RECORDS FOR PROCESSING:
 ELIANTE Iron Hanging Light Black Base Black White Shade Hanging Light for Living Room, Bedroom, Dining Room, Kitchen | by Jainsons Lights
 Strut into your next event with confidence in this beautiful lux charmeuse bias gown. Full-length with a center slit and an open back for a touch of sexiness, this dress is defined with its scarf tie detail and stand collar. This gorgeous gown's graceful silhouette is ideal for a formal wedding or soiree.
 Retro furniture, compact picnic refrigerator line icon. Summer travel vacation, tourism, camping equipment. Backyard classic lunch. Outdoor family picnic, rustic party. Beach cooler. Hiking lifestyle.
---
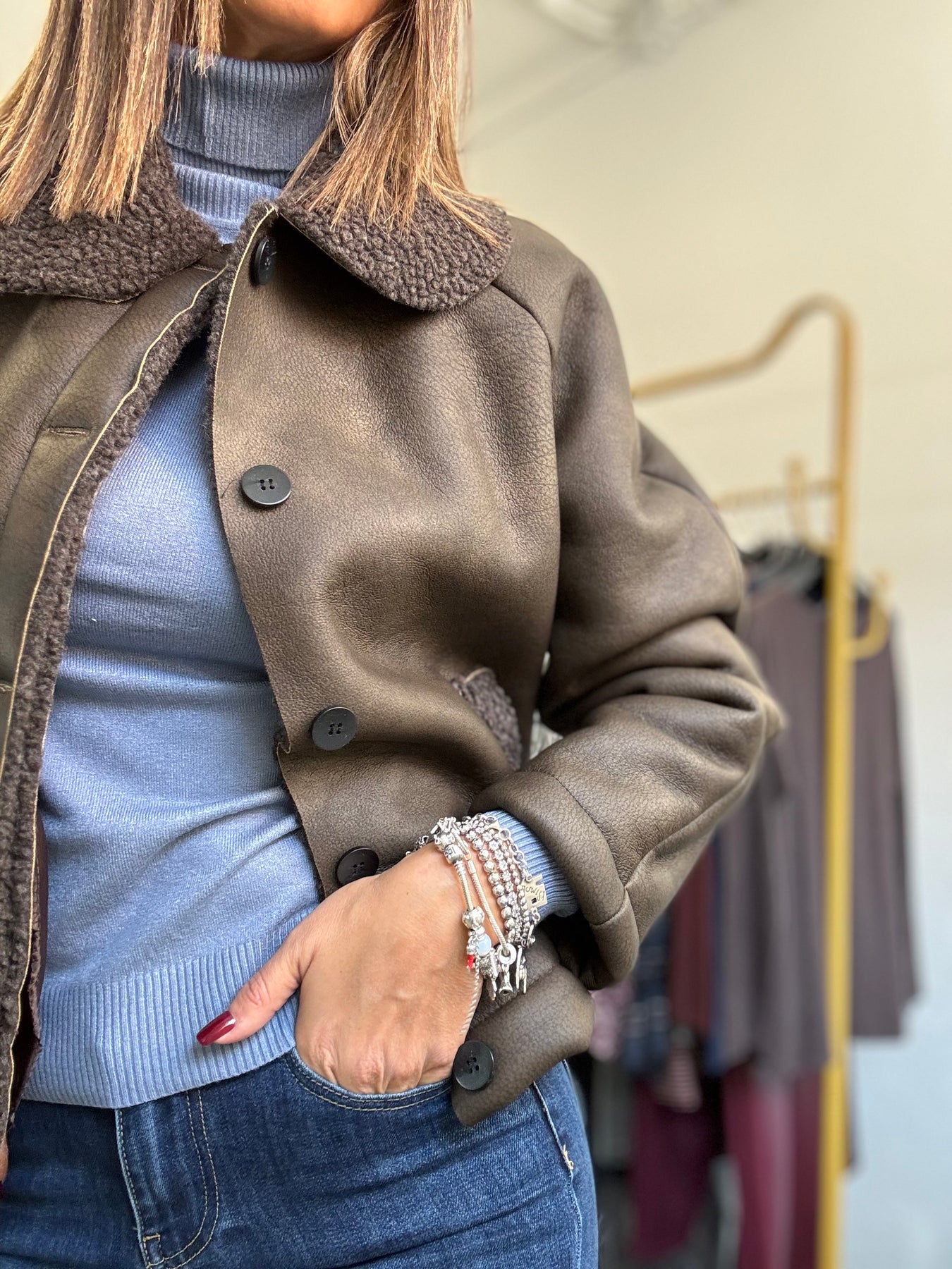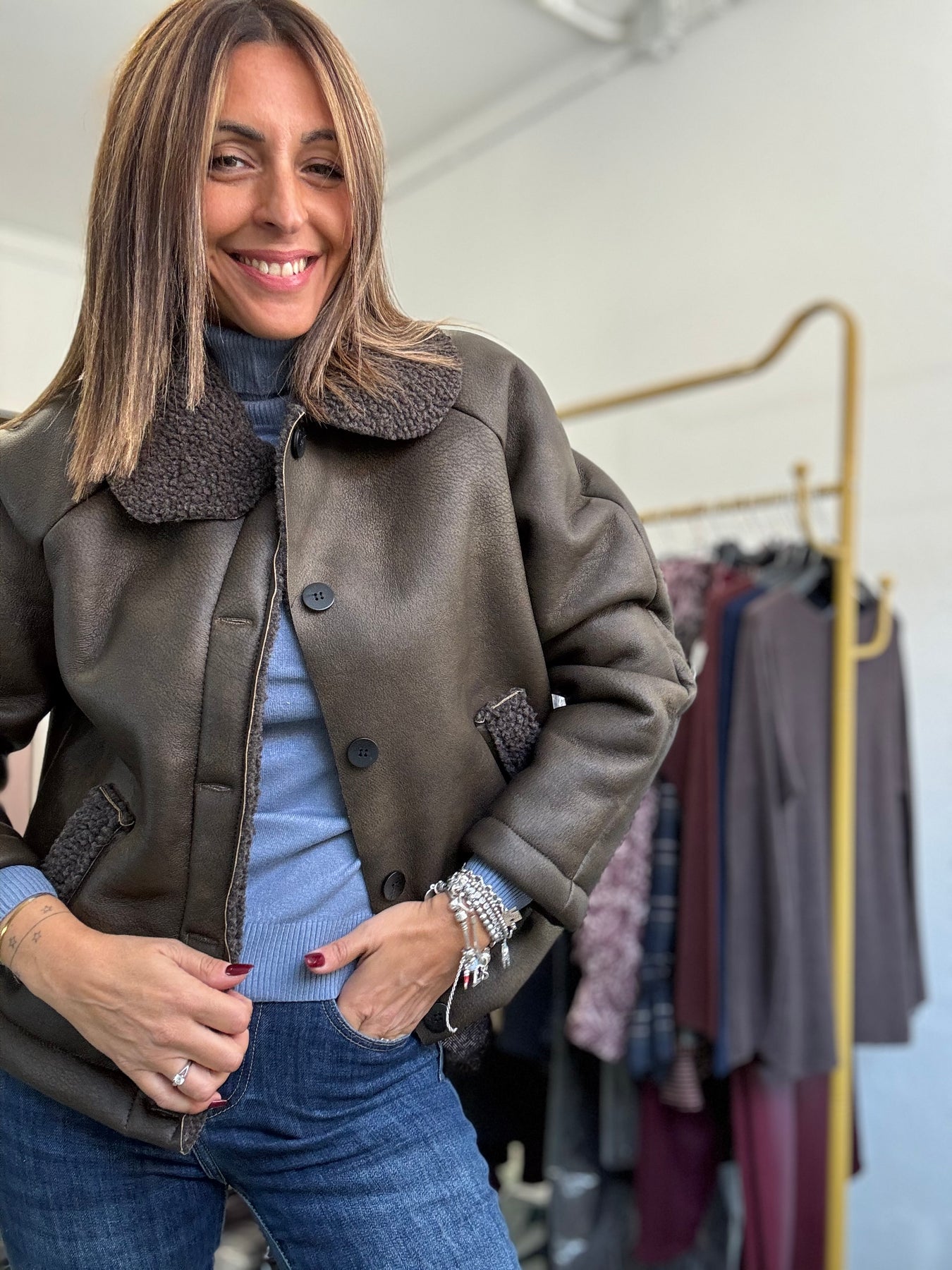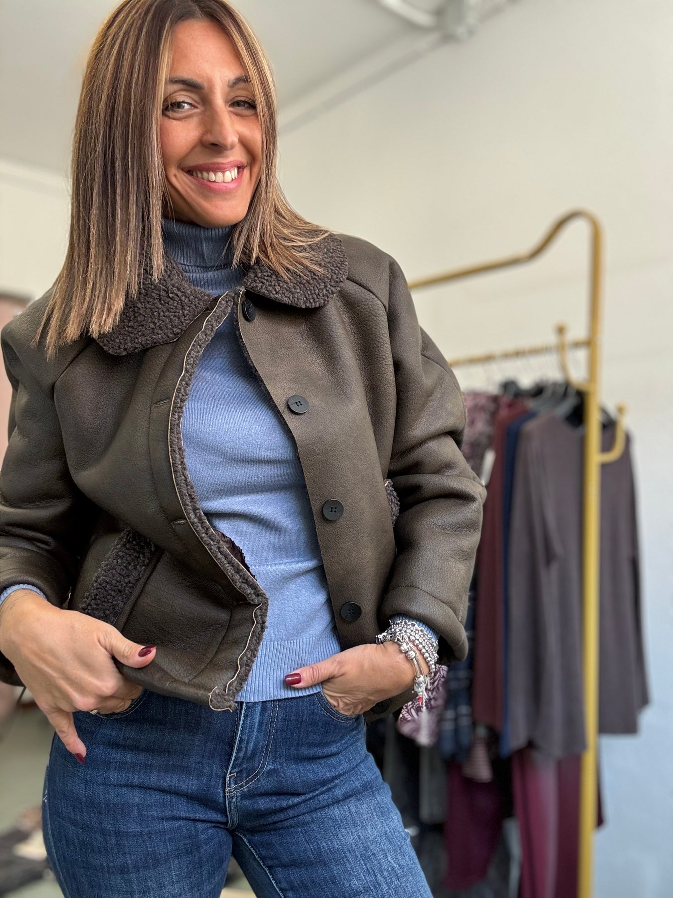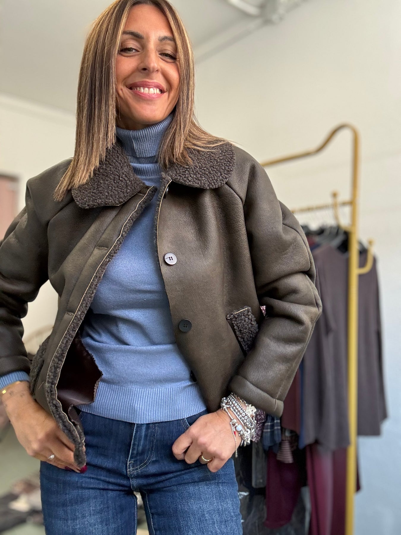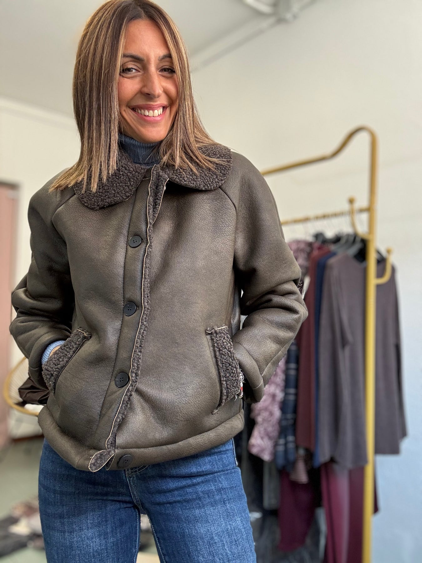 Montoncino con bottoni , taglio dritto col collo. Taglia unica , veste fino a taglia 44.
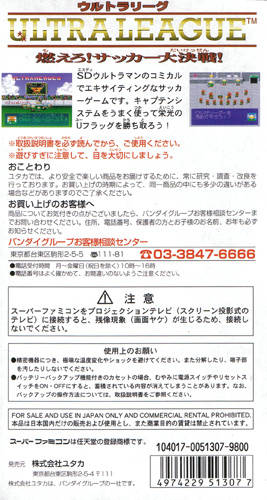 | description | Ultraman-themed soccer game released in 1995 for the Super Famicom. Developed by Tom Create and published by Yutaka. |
--
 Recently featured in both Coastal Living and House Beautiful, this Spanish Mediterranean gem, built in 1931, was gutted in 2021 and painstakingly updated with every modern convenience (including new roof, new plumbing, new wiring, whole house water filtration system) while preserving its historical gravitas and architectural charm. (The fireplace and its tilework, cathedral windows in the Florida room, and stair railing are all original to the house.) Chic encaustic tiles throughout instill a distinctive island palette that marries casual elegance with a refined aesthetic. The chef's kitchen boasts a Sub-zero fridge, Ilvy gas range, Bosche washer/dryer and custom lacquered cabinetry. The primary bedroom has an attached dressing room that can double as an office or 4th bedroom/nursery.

WHAT IS REQUIRED: Please give again the lines above between the line holding "ELIANTE Iron Hanging" and the line holding "Retro furniture, compact", inclusive, exactly as they are and with nothing added.

RESPONSE AREA:
 ELIANTE Iron Hanging Light Black Base Black White Shade Hanging Light for Living Room, Bedroom, Dining Room, Kitchen | by Jainsons Lights
 Strut into your next event with confidence in this beautiful lux charmeuse bias gown. Full-length with a center slit and an open back for a touch of sexiness, this dress is defined with its scarf tie detail and stand collar. This gorgeous gown's graceful silhouette is ideal for a formal wedding or soiree.
 Retro furniture, compact picnic refrigerator line icon. Summer travel vacation, tourism, camping equipment. Backyard classic lunch. Outdoor family picnic, rustic party. Beach cooler. Hiking lifestyle.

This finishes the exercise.